• **Instructions to follow**
Apart from the pictures, every entry below should be repeated exactly.

#### Source data

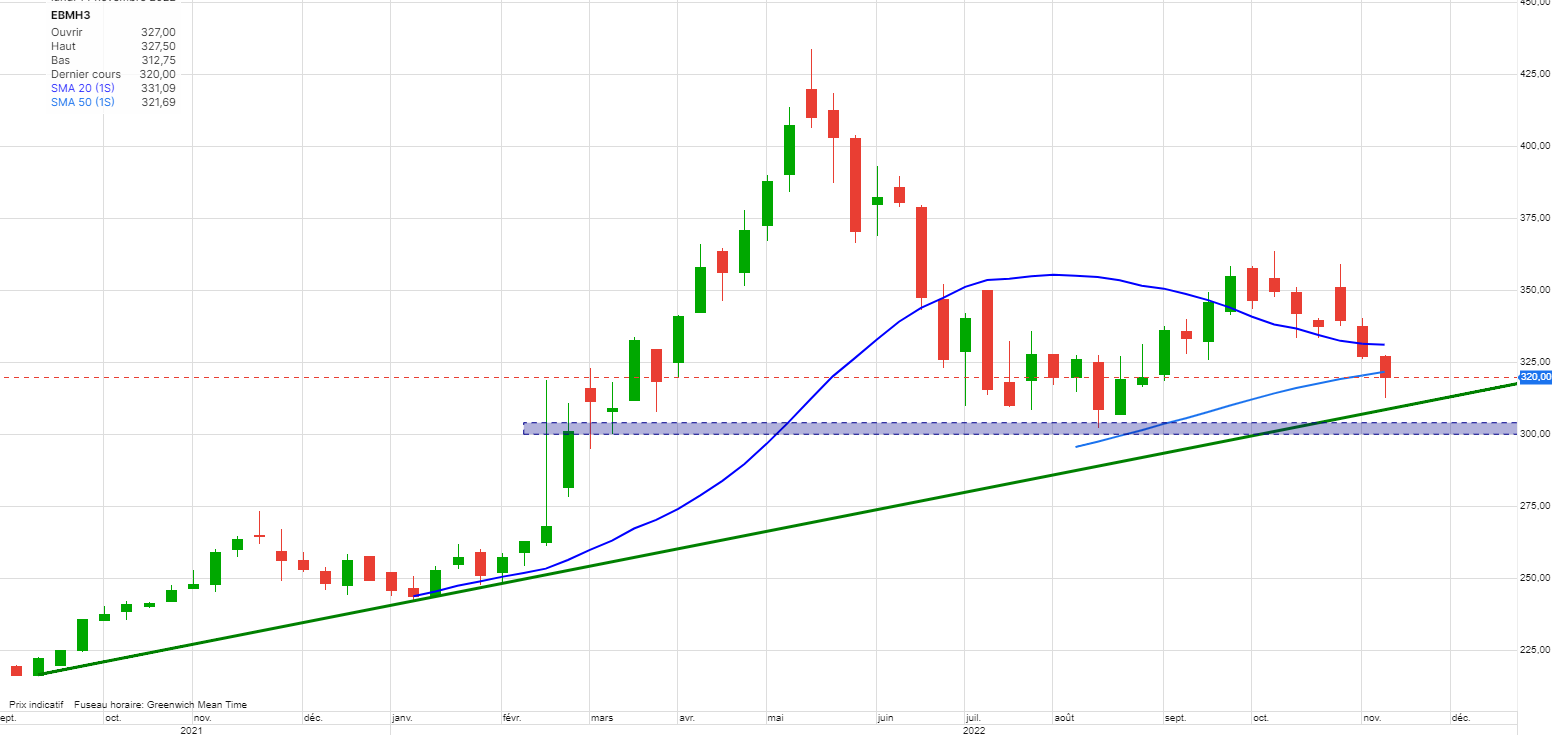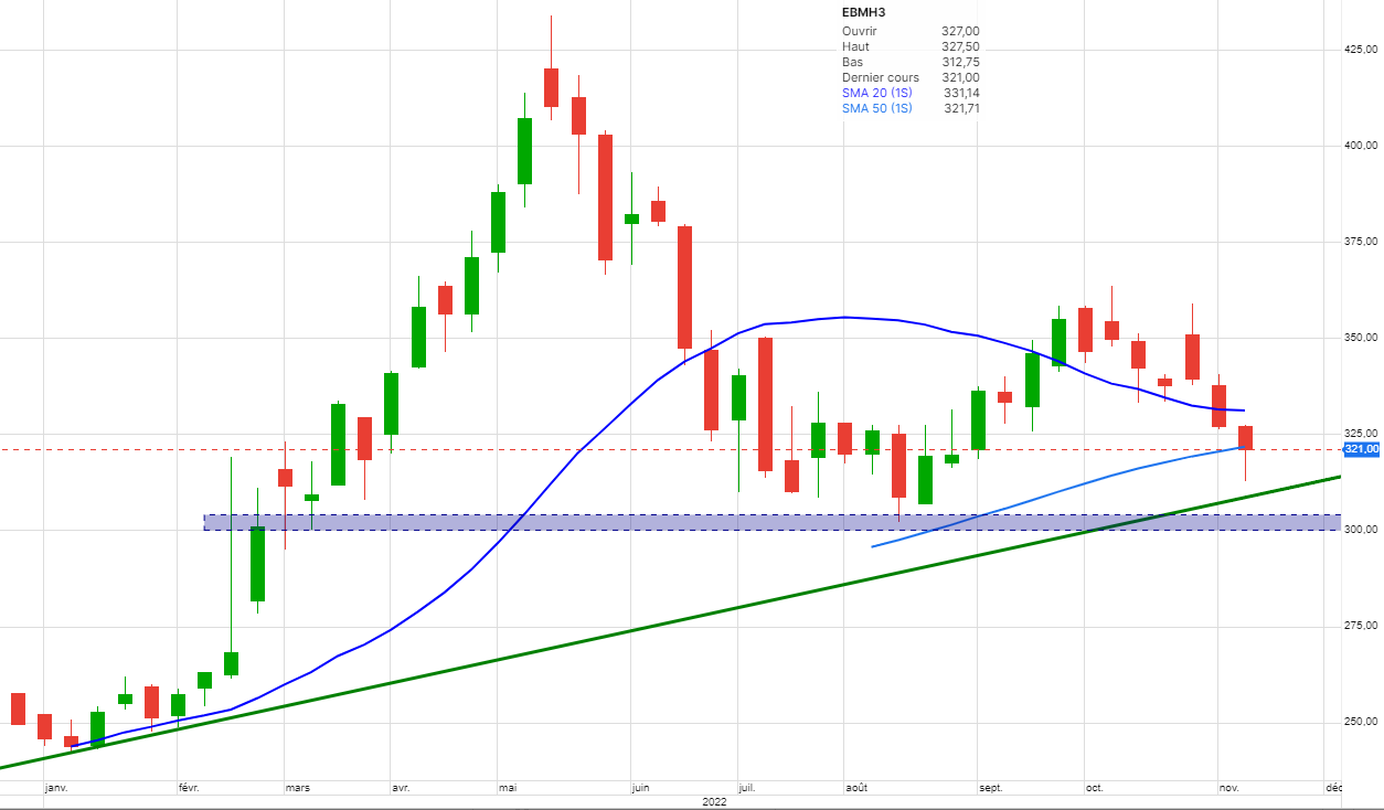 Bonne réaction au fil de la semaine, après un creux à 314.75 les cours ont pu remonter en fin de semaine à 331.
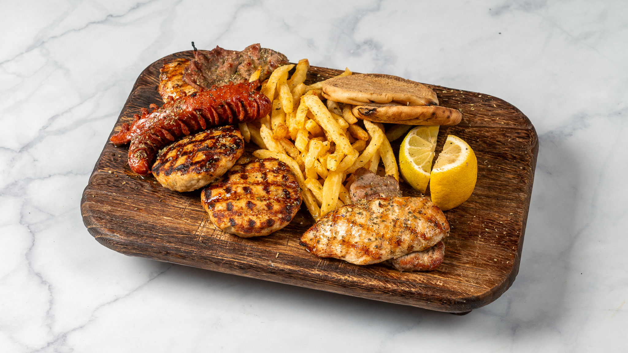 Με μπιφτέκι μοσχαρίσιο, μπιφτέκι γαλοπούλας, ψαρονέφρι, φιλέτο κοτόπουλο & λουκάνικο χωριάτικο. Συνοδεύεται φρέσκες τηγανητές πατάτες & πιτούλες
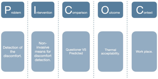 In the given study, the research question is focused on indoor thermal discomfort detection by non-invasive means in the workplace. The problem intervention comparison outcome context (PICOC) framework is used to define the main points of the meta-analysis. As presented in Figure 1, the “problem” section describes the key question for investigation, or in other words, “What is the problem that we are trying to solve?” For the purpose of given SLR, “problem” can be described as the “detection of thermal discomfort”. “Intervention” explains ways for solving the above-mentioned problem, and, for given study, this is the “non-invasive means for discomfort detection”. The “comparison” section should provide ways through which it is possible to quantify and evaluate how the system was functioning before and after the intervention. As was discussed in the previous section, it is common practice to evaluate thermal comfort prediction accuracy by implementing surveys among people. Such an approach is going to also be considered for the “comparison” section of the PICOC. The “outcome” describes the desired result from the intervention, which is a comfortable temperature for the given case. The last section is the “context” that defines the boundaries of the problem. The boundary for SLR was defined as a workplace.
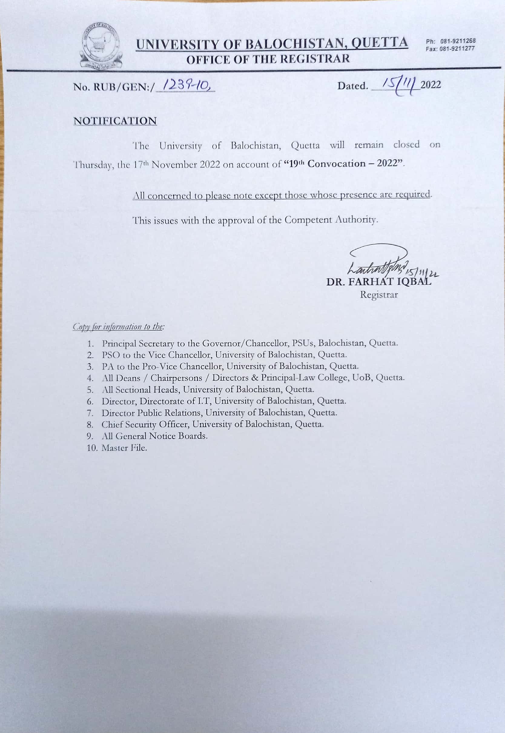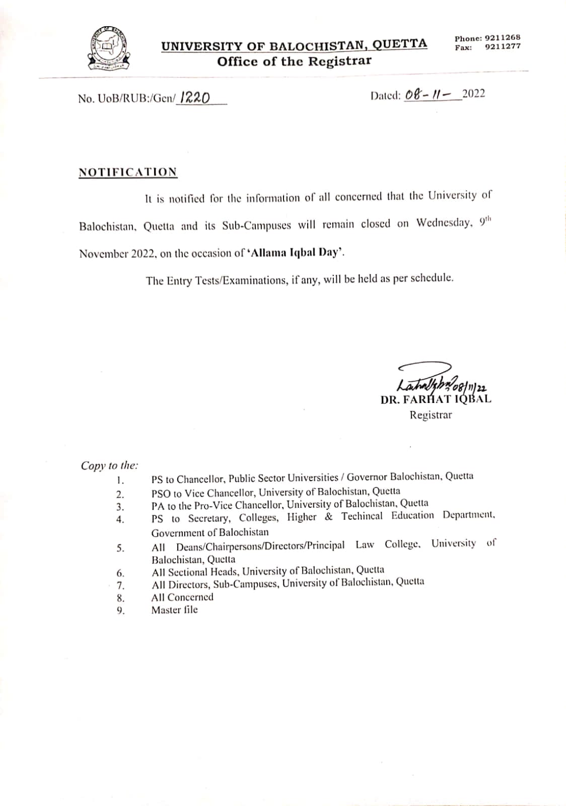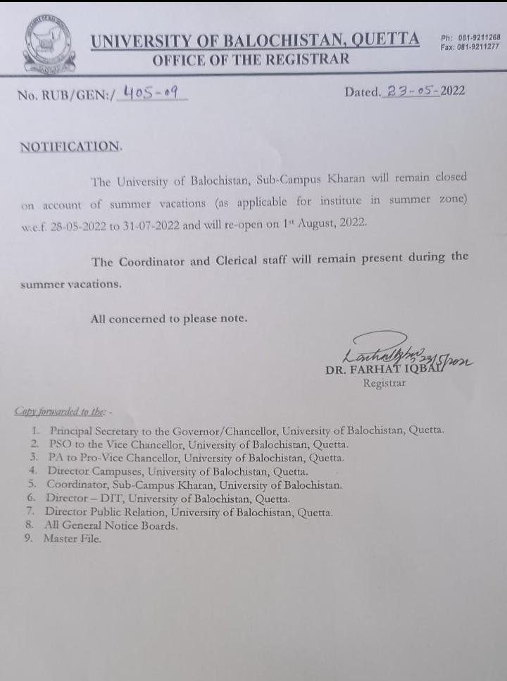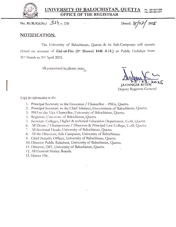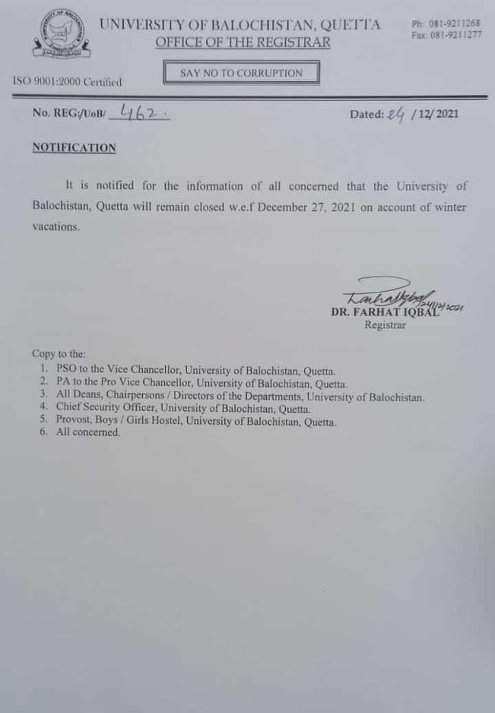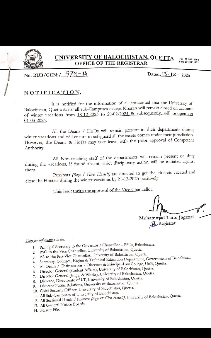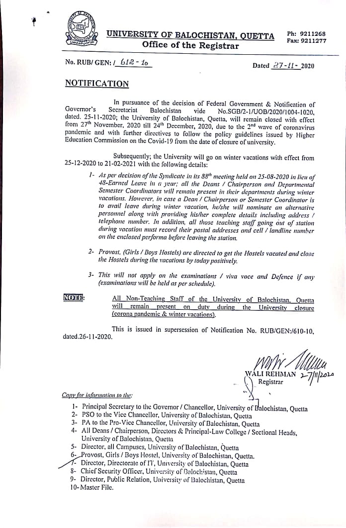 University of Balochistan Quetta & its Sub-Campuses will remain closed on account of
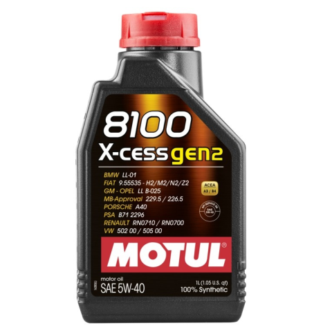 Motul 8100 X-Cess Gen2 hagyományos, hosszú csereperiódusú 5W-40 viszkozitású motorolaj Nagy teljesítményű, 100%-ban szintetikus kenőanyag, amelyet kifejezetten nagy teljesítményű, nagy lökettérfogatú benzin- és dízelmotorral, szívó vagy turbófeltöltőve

########

• **Written answer**
 Bonne réaction au fil de la semaine, après un creux à 314.75 les cours ont pu remonter en fin de semaine à 331.
 Με μπιφτέκι μοσχαρίσιο, μπιφτέκι γαλοπούλας, ψαρονέφρι, φιλέτο κοτόπουλο & λουκάνικο χωριάτικο. Συνοδεύεται φρέσκες τηγανητές πατάτες & πιτούλες
 In the given study, the research question is focused on indoor thermal discomfort detection by non-invasive means in the workplace. The problem intervention comparison outcome context (PICOC) framework is used to define the main points of the meta-analysis. As presented in Figure 1, the “problem” section describes the key question for investigation, or in other words, “What is the problem that we are trying to solve?” For the purpose of given SLR, “problem” can be described as the “detection of thermal discomfort”. “Intervention” explains ways for solving the above-mentioned problem, and, for given study, this is the “non-invasive means for discomfort detection”. The “comparison” section should provide ways through which it is possible to quantify and evaluate how the system was functioning before and after the intervention. As was discussed in the previous section, it is common practice to evaluate thermal comfort prediction accuracy by implementing surveys among people. Such an approach is going to also be considered for the “comparison” section of the PICOC. The “outcome” describes the desired result from the intervention, which is a comfortable temperature for the given case. The last section is the “context” that defines the boundaries of the problem. The boundary for SLR was defined as a workplace.
 University of Balochistan Quetta & its Sub-Campuses will remain closed on account of
 Motul 8100 X-Cess Gen2 hagyományos, hosszú csereperiódusú 5W-40 viszkozitású motorolaj Nagy teljesítményű, 100%-ban szintetikus kenőanyag, amelyet kifejezetten nagy teljesítményű, nagy lökettérfogatú benzin- és dízelmotorral, szívó vagy turbófeltöltőve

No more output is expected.